A few years ago I sat in an auditorium with several hundred other men as we listened intently to George Durrant motivate us to be better fathers. I’ll always remember what happened when we were asked if there were any questions.
A middle-aged working class man with muscles and a mustache gathered courage to speak and then stood up and emotionally asked, “What you say sounds great in the ideal world. But what do you expect me to do when I have nine kids and a wife to feed and I have to work 14 hours a day at two jobs just to keep body and soul together?”
He went on to list many additional reasons why his job situation made it so he just didn’t have the time nor energy to be the unhurried, sensitive and playful Dad being described to the group. He glared at Dr. Durrant as he concluded with the terse question, “So, what do you expect me to do?”
Dr. Durrant took a deep breath, paused, and then with emotion in his voice replied simply, “I would think that your wife and children would expect you to do your best. My friend, just do your best.”
As a work and family researcher I’ve taken the opportunity to ask many men and women, in less than ideal circumstances, how they “do their best” to harmonize the demands of the workplace with the needs of their home. Here is a smattering of what I’ve learned from a few of them.
One man’s livelihood required him to accept an assignment where he would be out of town frequently. He did his best by purchasing a speaker phone for his home. Every night and morning he literally calls his household to family prayer. They feel closer as a family by maintaining this tradition, even if they are kneeling together, 2500 miles apart.
A mother was concerned that her young teenagers were home after school without anyone to monitor their activities between 3:30 p.m. and 5:30 p.m. each day. She did her best by taking advantage of her employer’s telecommuting program. She would work in the office until 3:00 p.m. and then finish out the day working on her laptop at home. By working at home she could monitor her adolescents’ activities.
Another father is a nationally recognized motivational speaker who gave more than 200 speeches around the world last year. He does his best by transacting all of his business on his laptop while on the plane. That way when he’s at home he can focus exclusively on his family. He has also installed video conferencing capability on his laptop. He talks face-to-face to each of his children and his wife at least twice each day. In addition he has millions of frequent flyer miles so takes his wife and children with him to exciting places several weeks each year.
A female manager colleague is a rising star in a major corporation. She wants to be a real mother to her two children. She did her best by approaching her management and requested a part-time work schedule. The request was granted and she now manages with great focus and urgency from 9:00 a.m. to 2:00 p.m. each day and then goes home to spend the rest of the afternoon and evening being a mother to her children and a wife to her husband.
An executive who works long hours does his best by prominently displaying a portrait of his wife and seven children in his office.
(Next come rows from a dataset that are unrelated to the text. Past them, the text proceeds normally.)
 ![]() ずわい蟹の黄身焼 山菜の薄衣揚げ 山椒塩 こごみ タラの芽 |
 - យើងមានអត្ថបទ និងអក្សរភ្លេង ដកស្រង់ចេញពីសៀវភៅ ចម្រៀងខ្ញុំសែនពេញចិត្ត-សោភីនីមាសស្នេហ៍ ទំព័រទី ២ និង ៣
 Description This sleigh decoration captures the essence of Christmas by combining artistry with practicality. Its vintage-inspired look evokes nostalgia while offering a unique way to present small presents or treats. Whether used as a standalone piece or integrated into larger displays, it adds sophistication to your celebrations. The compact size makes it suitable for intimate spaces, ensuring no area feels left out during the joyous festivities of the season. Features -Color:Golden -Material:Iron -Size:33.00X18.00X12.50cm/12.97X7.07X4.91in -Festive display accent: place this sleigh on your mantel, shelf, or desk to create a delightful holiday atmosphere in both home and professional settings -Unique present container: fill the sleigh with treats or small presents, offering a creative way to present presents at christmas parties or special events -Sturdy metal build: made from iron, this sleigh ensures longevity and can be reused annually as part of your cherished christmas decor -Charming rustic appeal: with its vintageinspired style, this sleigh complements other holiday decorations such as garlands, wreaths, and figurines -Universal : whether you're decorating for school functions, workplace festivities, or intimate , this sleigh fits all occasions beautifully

When he meets with a client his small talk often revolves around family members. He uses family metaphors to motivate his sales force. He says it keeps his own family fresh in his mind. When he unexpectedly has an extra moment, he calls home to chat with his wife and express his love.
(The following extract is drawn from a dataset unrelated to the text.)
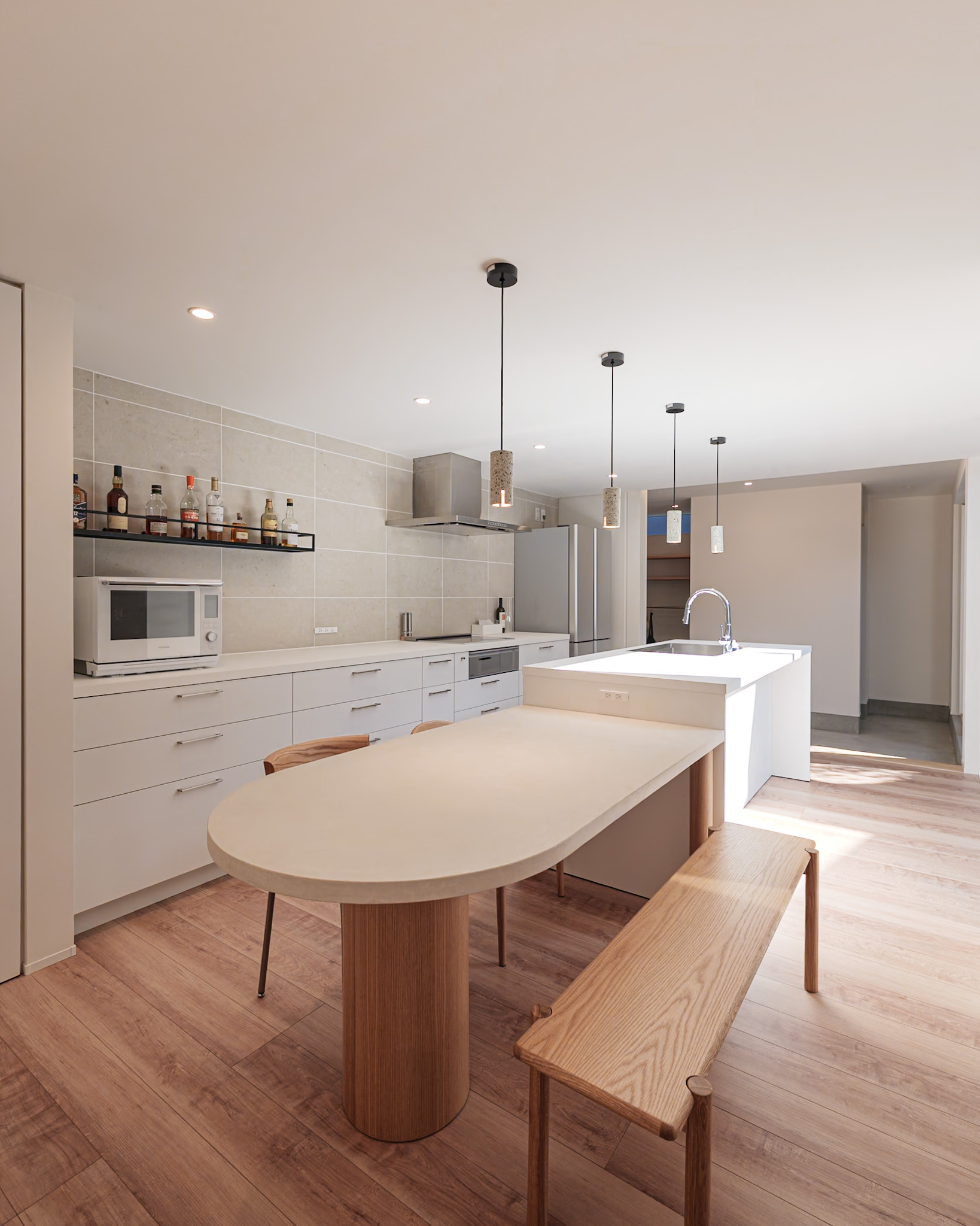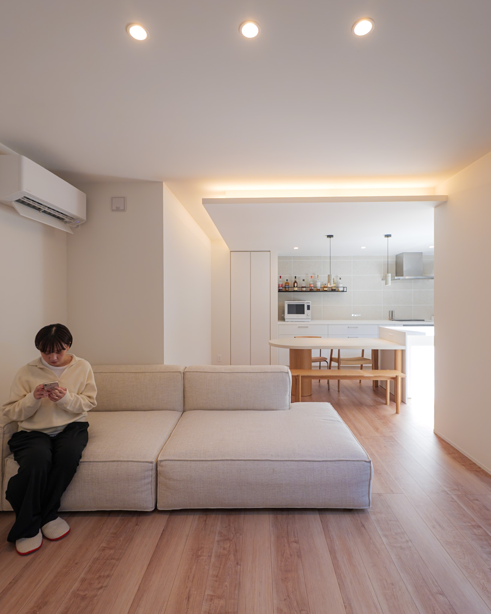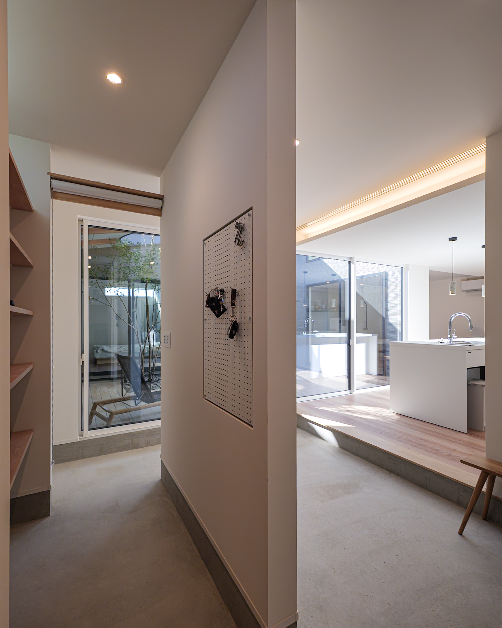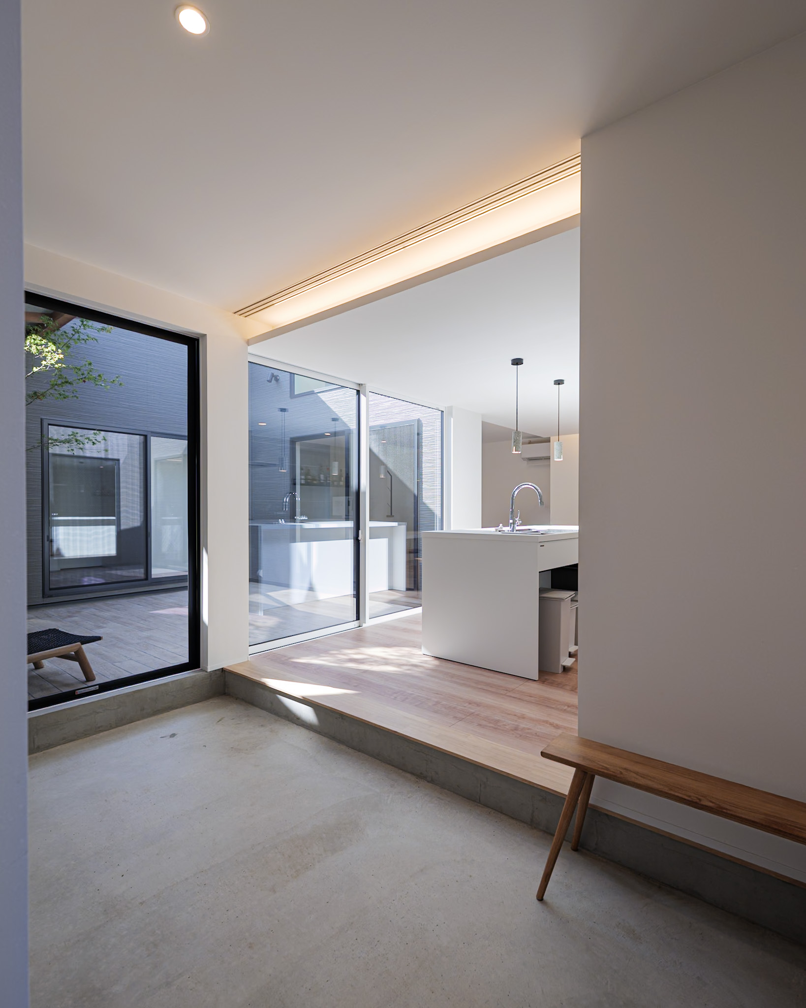 • 中庭で繋がる、白と自然素材が調和するプライベート空間

A professor colleague of mine does his best by bringing his four-year old son to work with him on occasion. I can hear in the next office the exciting chattering of a young boy enthralled by being with his Dad in this place. This professor enlists his son’s support to do important work, like sorting the trash paper into the regular and recycle trash baskets. It is heart-warming to see this giant of a man being followed around everywhere by this charming little kid with thick glasses.
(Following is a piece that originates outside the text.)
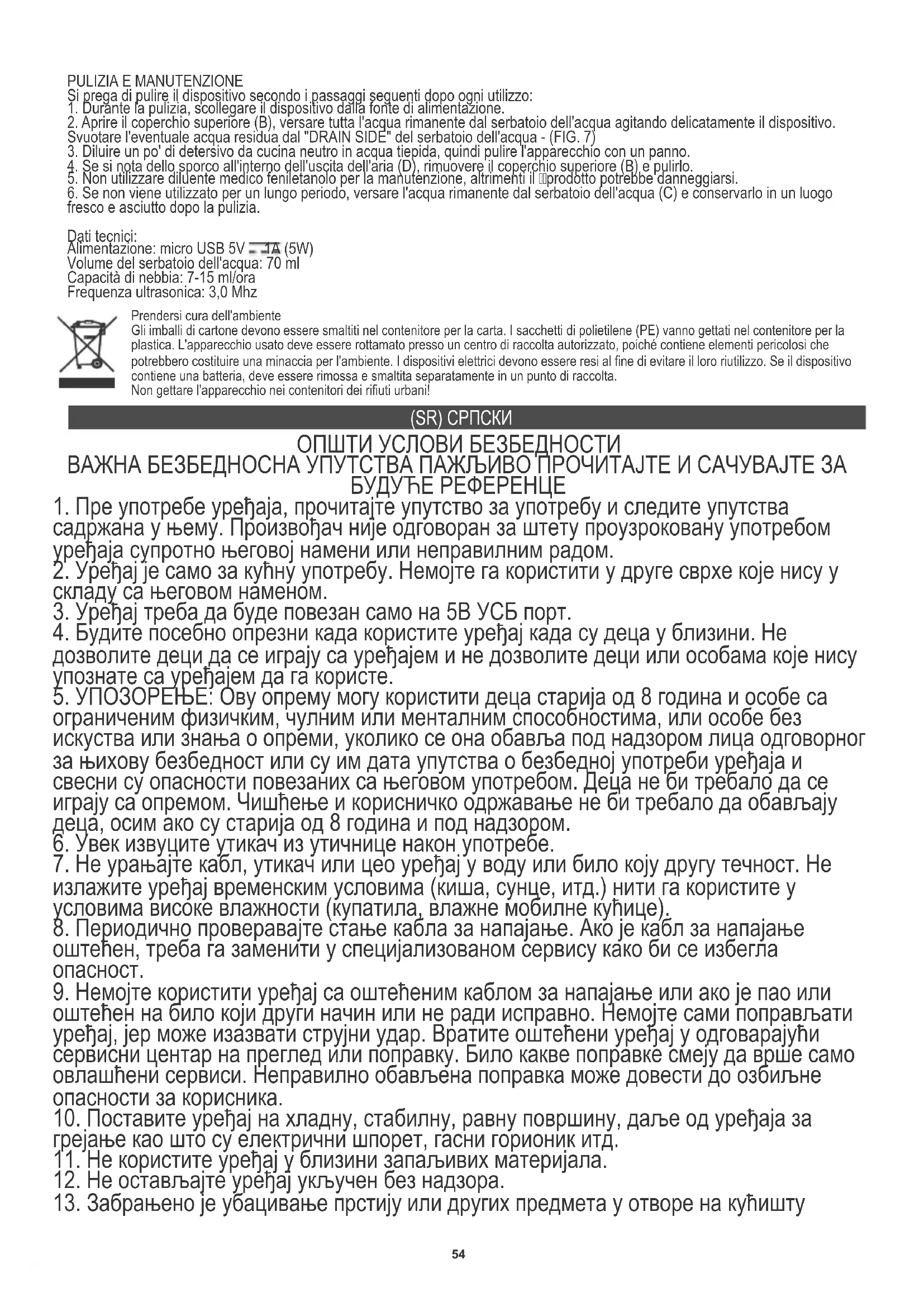 хладном месту. Технички подаци: Напајање: микро УСБ 5В 1А (5В) Запремина резервоара за воду: 70 мл Капацитет магле: 7-15мл/сат Ултразвучна фреквенција: 3.0МХз За заштиту животне средине: молимо вас да одвојите картонске кутије и пластичне кесе и одложите их у одговарајуће канте за смеће. Коришћени уређај треба да буде испоручен на наменске сакупљане тачке због оштрих компоненти, што може утицати на животну средину. Немојте одлагати овај уређај у заједничку корпу за отпатке. (DK) DANSKI

Many business travelers are allowed to save frequent flyer miles and use them to bring their spouse and or children on business trips. A friend did his best by turning a boring business trip to Armonk, New York into an exciting second honeymoon for him and his wife. They saw Broadway plays, ate at delectable restaurants, and renewed the excitement in their marriage.
While traveling on business, one mother did her best to keep on top of her elementary school-age children’s homework by using the hotel fax. Her children would fax their completed assignments, and she would review their progress over the phone. They also exchange handwritten notes, poetry, and pictures in this way.
Let me conclude with a personal example. A few years ago I found myself being drained by a 90-minute daily commute through heavy traffic. In the spirit of “doing my best” I decided to think outside the box and try something new.
I took a back road to work which was much less traveled but took about five minutes longer. Then I brought along a little handheld cassette, and started recording bedtime stories for my children. I could almost imagine them sitting in the back seat in their jammies. This made the time pass quickly and I would arrive at work and at home refreshed. The kids loved tapes and have listened to them many, many times over the years.
Well, it’s a challenge to be both a productive employee at work and at caring family member at home. It’s tough, but it’s surely worth it. Let’s do our best!